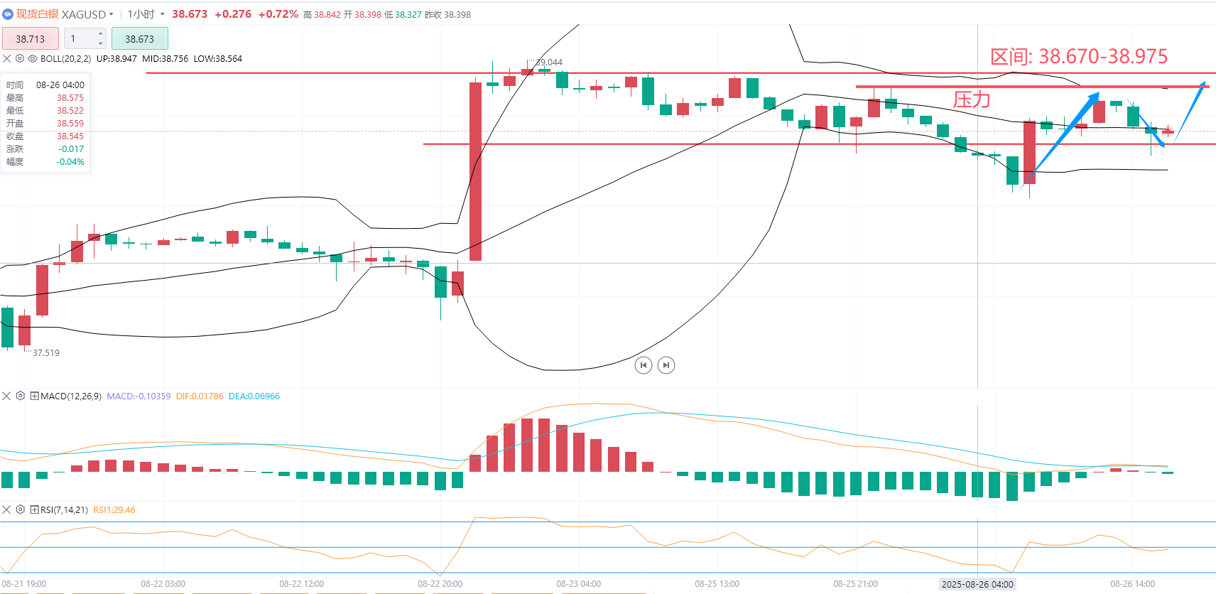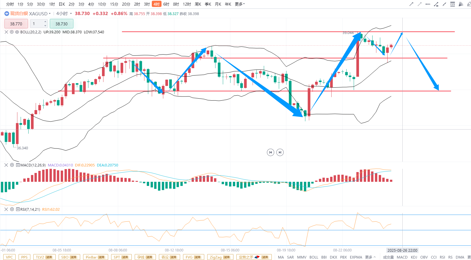这两天都把精力放在黄金和原油了,白银在背后悄没声息波动也挺大的,今早白银价格延续昨晚的走势下跌的走势,变动不是很大,整个区间是在39.044-38.436。所以白银日内以低空为主。
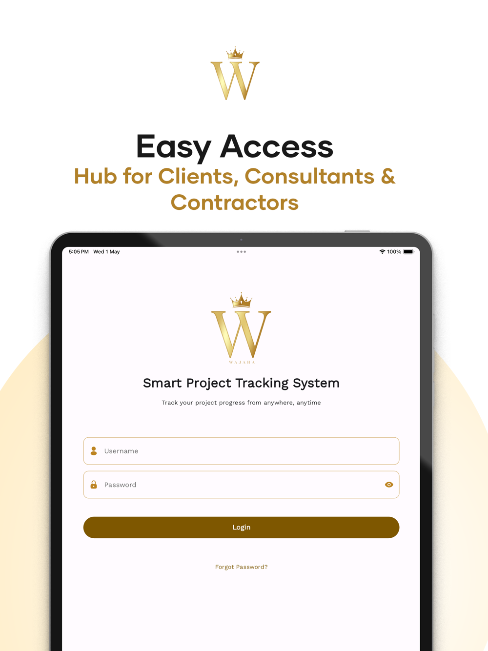 WAJAHA Smart Project Tracker revolutionizes project management in the construction industry by providing an intuitive mobile app designed exclusively for Wajaha's clients, consultants, and contractors. This innovative platform serves as a central hub, facilitating seamless collaboration and oversight throughout the project lifecycle. Clients gain real-time visibility into construction projects, with comprehensive oversight of progress, milestones, and deliverables. Transparent communication channels ensure clients receive instant updates and notifications, fostering clear and transparent communication with consultants and contractors.
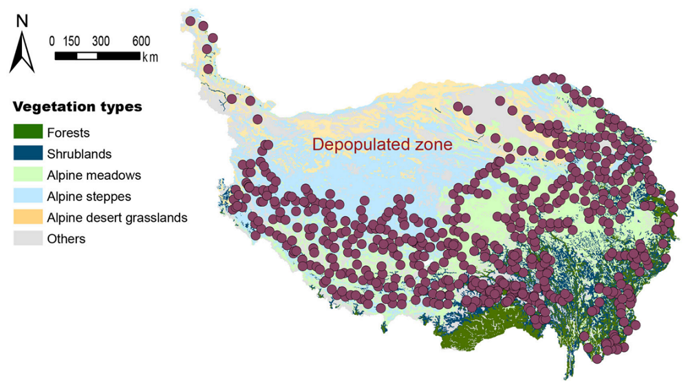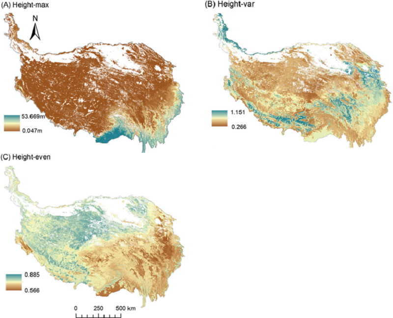 针对以上两点不足,鼎湖山站团队联合国内高校、科研机构在植物群落垂直结构复杂性地理格局及其驱动机制方面开展研究。在青藏高原开展了大规模的野外调研。基于网格抽样的方法调查了2013块标准样方(图1),并采用3个参数来量化垂直结构复杂性,即样方内的最大植物高度(Height-max)、植物高度的变异系数(Height-var)和植物高度的香农均匀度(Height-even)。研究检验了一个假设,即随着气候条件从优越到极端的转变,主导垂直结构复杂性空间变异的机制将逐渐从资源获取策略转向保护优先策略;并绘制1-km空间分辨率的垂直结构复杂性图集,这将为相关宏观生态学研究提供重要参数(图2)。
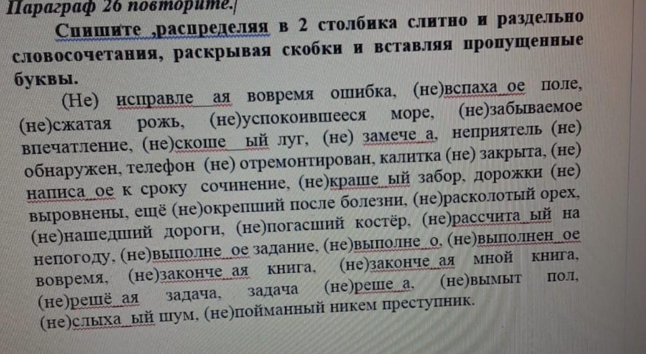 неуспокоившееся море, незабываемое впечатление, нескошенный луг, ненаписанное к сроку сочинение, некрашенный забор, еще неокрепший после болезни, нерасколотый орех, ненашедший дороги, непогасший костер, нерассчитанный на непогоду, невыполненное задание, невыполненное вовремя, незаконченная мной книга, нерешенная задача, неслыханный шум, непойманный никем преступник.
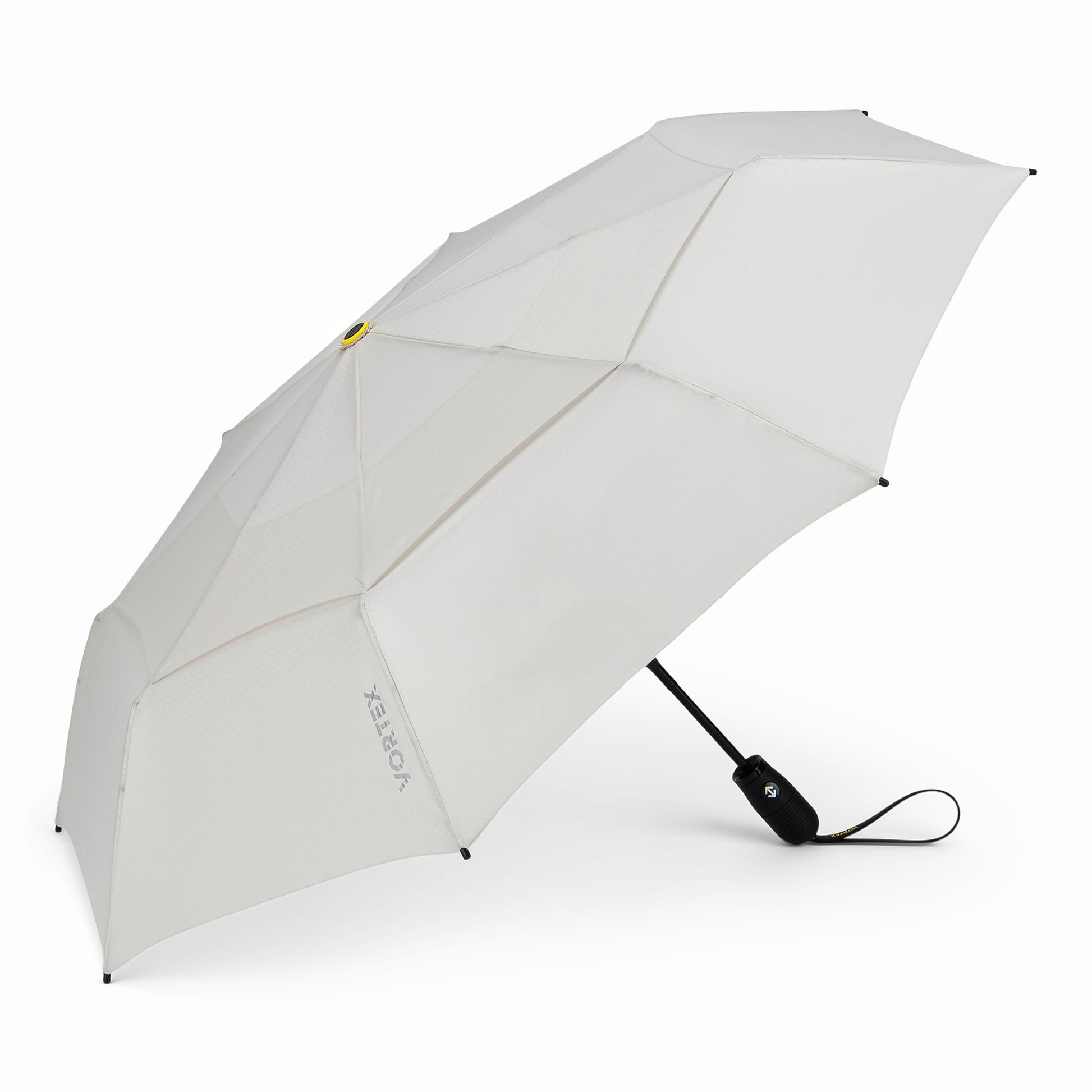 This compact windproof umbrella is small, yet impressively strong. Featuring steel ribs and shaft, an anti-inversion frame system, and strategically placed canopy vents to allow for airflow, it’s wind tunnel-tested and proven to resist winds up to 75 mph without flipping inside-out. The 43-inch canopy arc offers ample storm coverage with the press of our automatic open and close button. And it packs down to just 12 inches long, easily fitting in a handbag, backpack, or travel carry-on. It’s the perfect heavy-duty compact umbrella for world-travelers and work-commuters alike.
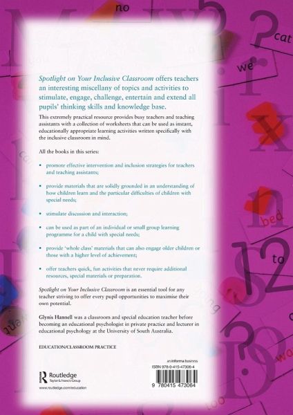 Spotlight on Your Inclusive Classroom offers teachers an interesting miscellany of topics and activities to stimulate, engage, challenge, entertain and extend all pupils' thinking skills and knowledge base. This extremely practical resource provides busy teachers and teaching assistants with a collection of worksheets that can be used as instant, educationally appropriate learning activities written specifically with the inclusive classroom in mind. All the books in this series: promote effective intervention and inclusion strategies for teachers and teaching assistants provide materials that are solidly grounded in an understanding of how children learn and the particular difficulties of children with special needs. stimulate discussion and interaction can be used as part of an individual or small group learning programme for a child with special needs provide 'whole class' materials that can also engage older children or those with a higher level of achievement offer teachers quick, fun activities that never require additional resources, special materials or preparation. Spotlight on Your Inclusive Classroom is an essential tool for any teacher striving to offer every pupil opportunities to maximise their own potential.

#####

• _What you are asked to do_: Print every entry above again, exactly as written. Leave the images out.

• _Your response_:
这两天都把精力放在黄金和原油了,白银在背后悄没声息波动也挺大的,今早白银价格延续昨晚的走势下跌的走势,变动不是很大,整个区间是在39.044-38.436。所以白银日内以低空为主。
 WAJAHA Smart Project Tracker revolutionizes project management in the construction industry by providing an intuitive mobile app designed exclusively for Wajaha's clients, consultants, and contractors. This innovative platform serves as a central hub, facilitating seamless collaboration and oversight throughout the project lifecycle. Clients gain real-time visibility into construction projects, with comprehensive oversight of progress, milestones, and deliverables. Transparent communication channels ensure clients receive instant updates and notifications, fostering clear and transparent communication with consultants and contractors.
 针对以上两点不足,鼎湖山站团队联合国内高校、科研机构在植物群落垂直结构复杂性地理格局及其驱动机制方面开展研究。在青藏高原开展了大规模的野外调研。基于网格抽样的方法调查了2013块标准样方(图1),并采用3个参数来量化垂直结构复杂性,即样方内的最大植物高度(Height-max)、植物高度的变异系数(Height-var)和植物高度的香农均匀度(Height-even)。研究检验了一个假设,即随着气候条件从优越到极端的转变,主导垂直结构复杂性空间变异的机制将逐渐从资源获取策略转向保护优先策略;并绘制1-km空间分辨率的垂直结构复杂性图集,这将为相关宏观生态学研究提供重要参数(图2)。
 неуспокоившееся море, незабываемое впечатление, нескошенный луг, ненаписанное к сроку сочинение, некрашенный забор, еще неокрепший после болезни, нерасколотый орех, ненашедший дороги, непогасший костер, нерассчитанный на непогоду, невыполненное задание, невыполненное вовремя, незаконченная мной книга, нерешенная задача, неслыханный шум, непойманный никем преступник.
 This compact windproof umbrella is small, yet impressively strong. Featuring steel ribs and shaft, an anti-inversion frame system, and strategically placed canopy vents to allow for airflow, it’s wind tunnel-tested and proven to resist winds up to 75 mph without flipping inside-out. The 43-inch canopy arc offers ample storm coverage with the press of our automatic open and close button. And it packs down to just 12 inches long, easily fitting in a handbag, backpack, or travel carry-on. It’s the perfect heavy-duty compact umbrella for world-travelers and work-commuters alike.
 Spotlight on Your Inclusive Classroom offers teachers an interesting miscellany of topics and activities to stimulate, engage, challenge, entertain and extend all pupils' thinking skills and knowledge base. This extremely practical resource provides busy teachers and teaching assistants with a collection of worksheets that can be used as instant, educationally appropriate learning activities written specifically with the inclusive classroom in mind. All the books in this series: promote effective intervention and inclusion strategies for teachers and teaching assistants provide materials that are solidly grounded in an understanding of how children learn and the particular difficulties of children with special needs. stimulate discussion and interaction can be used as part of an individual or small group learning programme for a child with special needs provide 'whole class' materials that can also engage older children or those with a higher level of achievement offer teachers quick, fun activities that never require additional resources, special materials or preparation. Spotlight on Your Inclusive Classroom is an essential tool for any teacher striving to offer every pupil opportunities to maximise their own potential.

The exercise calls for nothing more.